Looking out ahead, Lawrence Livermore is going to be focusing on IBM's Blue Gene/L supercomputer to break through the petaflops barrier, even though it has made substantial investments in the ASCI Purple machine and continues to make use of this 100 teraflops box. The University of Illinois will become the new standard bearer for high-end Power-based supercomputing, says Turek, and in fact, the technology deployed in the Power 575 is laying the groundwork for a multi-petaflops machine that IBM and the university are working on based on the future Power7 family of multicore processors, expected to be delivered in the 2011 timeframe. To get to that performance level, IBM is going to have to deliver approximately an order of magnitude of floating point performance as the new Power 575 provides.
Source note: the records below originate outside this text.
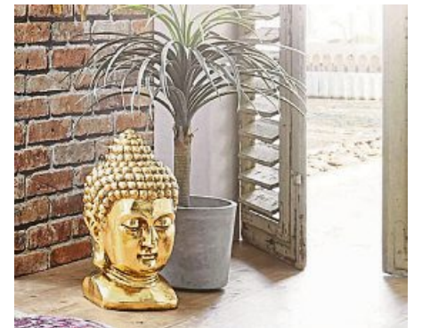
Typisch für den Asien-Style: Buddha-Figuren. Sie machen den Wohn- oder Gartenbereich zu einem Ort für mehr Harmonie, Ruhe und Gelassenheit.

tenden Wohn-Accessoires wie bodennahen Beistelltischen, dekorativen Vasen, fein bestickten Kissen und Decken aus Seide sowie stimmungsvollen Leuchten werden Ihr Wohn- oder Schlafzimmer zu Orten für mehr Harmonie, Ruhe und Gelassenheit. Auch im heimischen Garten kann der asiatische Einrichtungsstil Einzug finden. Machen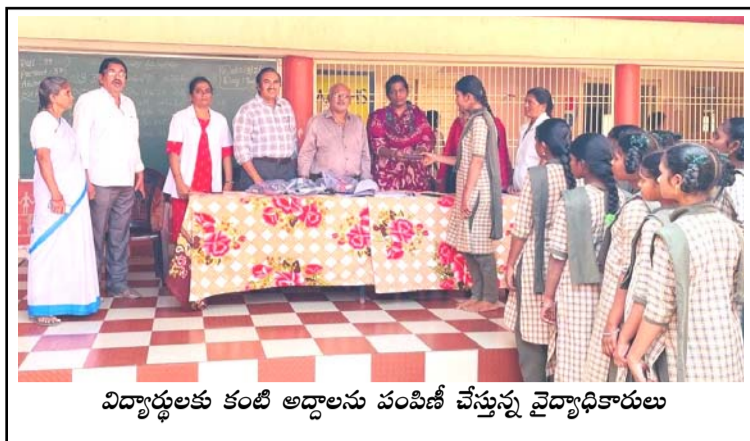
విద్యార్థులకు కంటి అద్దాలను పంపిణీ చేస్తున్న వైద్యాధికారులు

తెలియజేయాలని పిల్లలకు వివరించారు. అలాగే పిల్లల భద్రతకు సంబంధించిన పలు అంశాలపై ఆమె మార్గదర్శనం చేశారు. అపరిచితులిచ్చే బహుమతులు స్వీకరించవద్దని, తెలియని వ్యక్తులతో మాట్లాడటంపై జాగ్రత్తగా ఉండాలని పేర్కొన్నారు. పిల్లల్లో పెరుగుతున్న మొబైల్ ఫోన్ వినియోగంపై కూడా ప్రత్యేకంగా దృష్టి సారించారు. అధికంగా మొబైల్ ఉపయోగించడం వల్ల చదువుపై ఆసక్తి తగ్గడం, నిద్రలేమి, కంటి సమస్యలు, మానసిక ఒత్తిడి వంటి సమస్యలు తలెత్తే అవకాశం ఉందని తెలిపారు. 'భావనా' జీవితంలో ఆటలు, పుస్తకం చదవడం, కుటుంబంలో గడిపే సమయాన్ని పెంచాలని సూచించారు. తల్లిదండ్రులు బిల్లల మొబైల్ వినియోగంపై పర్యవేక్షణ ఉంచాలని పరిమిత సమయం మాత్రమే అనుమతించాలని కోరారు. ఈ కార్యక్రమంలో పాఠశాల సిబ్బంది , పోలీసు సిబ్బంది పాల్గొన్నారు.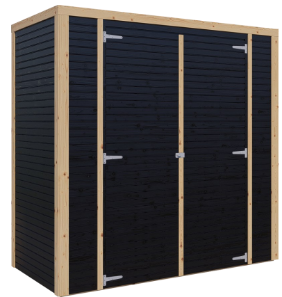
Behandlung: SCHWARZ (RAL 9005)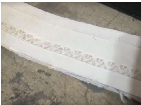
Imagem 13: Detalhe do rebaixo usando o instrumento de rebeixo com forma de “pé de galinha” feito no couro.

Neste momento ele chama atenção para o som do martelo no ferro, para a produção do desenho em rebaixo, que para ele são músicas para o ouvido. Na imagem abaixo a sequência de rebaixos transmitindo textura, profundidade e volume ao desenho, aplicado de forma linear pelo ferro de rebaixo.

How is IBM going to do this? Beyond saying that IBM will do more engineering on the heating and cooling issues and move to multicore processors, Turek is not saying. But IBM, he says, has been working on these issues for a long time. "These problems have been staring at us since we launched Blue Gene back in 1999," says Turek. "This has not been a cavalier embrace of the green revolution on our part, but rather our desire to push the boundaries of supercomputing and expressly dealing with the implications of power and cooling in large machines."
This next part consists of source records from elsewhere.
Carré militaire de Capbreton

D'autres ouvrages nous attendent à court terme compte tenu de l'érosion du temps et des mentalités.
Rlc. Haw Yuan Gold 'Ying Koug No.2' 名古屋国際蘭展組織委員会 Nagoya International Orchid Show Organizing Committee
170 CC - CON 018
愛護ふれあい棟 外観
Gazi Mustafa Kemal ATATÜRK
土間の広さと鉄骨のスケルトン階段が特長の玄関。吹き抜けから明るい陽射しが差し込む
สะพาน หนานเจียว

Some customers will get the Blue Gene route, others will go the Power 575 route, and still others may even use Power 550 or Power 595 machines as nodes, depending on their workloads. Turek says that when IBM began working on Blue Gene, even organizations such as Lawrence Livermore who didn't think their algorithms, which scaled to maybe 16, 32, or 64 nodes, would scale beyond that. But these algorithms had not been updated since the 1970s, and they have now spent many years reworking them and parallelizing them better, and lo and behold, some supercomputing shops are now saying that they might be able to scale to 1 million cores. As for the Power 575, IBM is already sold out of the boxes, and has been preselling them to key customers, including some of the larger national weather modeling centers, which just so happen to be in the middle of an upgrade cycle.

The base Power 575 costs $5,300; a system rack with base power costs $30,000. The processor board, which has all 32 cores on it, costs $110,000, and turning on each core for use by AIX or Linux costs $1,000. A 16 GB memory card with no memory turned on costs $6,070, and activating 1 GB of memory costs $1,515. So a base machine without disk, I/O, or operating system and with 32 cores and 256 GB of main memory will run you $571,210.

IBM is supporting AIX 5.3 at the 5300-08 technology level on the Power 575 as well as Novell SUSE Linux Enterprise Server 10 Service Pack 2 (due in the fall) and Red Hat Enterprise Linux 4.6 or 5.2 (the latter not yet ready, either). The announcement letters did not say when AIX 6.1 will be supported on the Power 575. The Power 575 is available on May 6.